Q.8: Write two merits and two demerits of the ‘Indian Councils Act’.

Ans: Indian councils act was passed in 1861 to acquaint the Indians with the new system of administration brought about by implementation of the Government of India Act,1858.Two merits and demerits of the Act are outlined hereunder:


(i) Formation of representative government: The Act of 1861 opened the doors for Indians in the British administration.The Indian were empowered to participate in the legislative functions in the highest administrative unit through legal procedure.

(ii)Authorisation of the Central Legislative Assemblies(Councils): Through the enactment of this Act,the Central Legislative Council was entrusted with the authority to make suggestions and enact laws on:

(a) finance,


(c)protection of defense force,and 

(d)protection of territories of both British occupied Indian states and native Indian states.


(i) Unlimited powers of Viceroy: As per this Act,the proposed laws and suggestions of the Legislative Assembly could be nullified by the Viceroy.

(ii) Limitation of the provincial government: The legal powers embraced on the Provincial Legislative Council were subject to certain limitations.

Q.9: Discuss the changes occurred through the local self-government during the British period.

Ans: With the changes in the central and provincial administration of the country,many significant changes were witnessed in the local self-government in India during the British period.The main changes were:

(i) Formation of Local Board(Area Council): Many Local Boards (Area councils)were formed in each sub-division in 1882,constituting of nominated members.Provision was made to establish primary boards in the rural areas under each local board.

(ii) Introduction of financial decentralization: During the administration of Lord Mayo in 1870,’resolution on financial decentralization’ was introduced for the first time in the country.Thus,provinces were assigned the responsibility of:

(a) Expanding the scope of civil amenities in the country through maintenance of public health, education,water supply, registration, prison, police,etc.

(b)Undertaking works of public utilities without any interference from the central or provincial heads. This could be done by raising funds from local inhabitants through taxes and tolls.

(iii) Formation of town committees and municipal boards: The town committees and municipal boards were formed in urban areas constituting of 75% of the members elected through election.

(iv) Overall improvement of local self-government: Lord Ripon,the then Governor- General and Viceroy(1880-84)made great efforts for improving the local self-government in India.

(a) A resolution was passed by him in 1882 for the betterment of local self-government in the country.

(b)He proposed to divide local sefl- government into two sets,viz.rural and urban areas,so that each area could be given special attention.
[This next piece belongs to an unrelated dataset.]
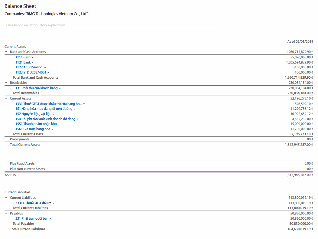 Bạn có thể chú thích các báo cáo để in ra và thực hiện trong menu Adviser. Xuất sang file xls để quản lý việc phân tích bổ sung. Đi sâu vào các báo cáo để xem thêm thông tin chi tiết (các khoản thanh toán, hoá đơn, mục bút toán, ...).

(c) He wanted to increase the number of non-official members in both the local bodies.

(d) He also tried to give special attention to ensure that the chairman of the local body was non-official and elective.Lord Ripon did not get much support from the British government in this regard. As a result,many alterations were made in the proposal. The district commissioners performed the duties of the chairman . In spite of all these,it must be noted that Lord Ripon was the pioneer in the field of bringing about a total revolution in the local self-government of our country.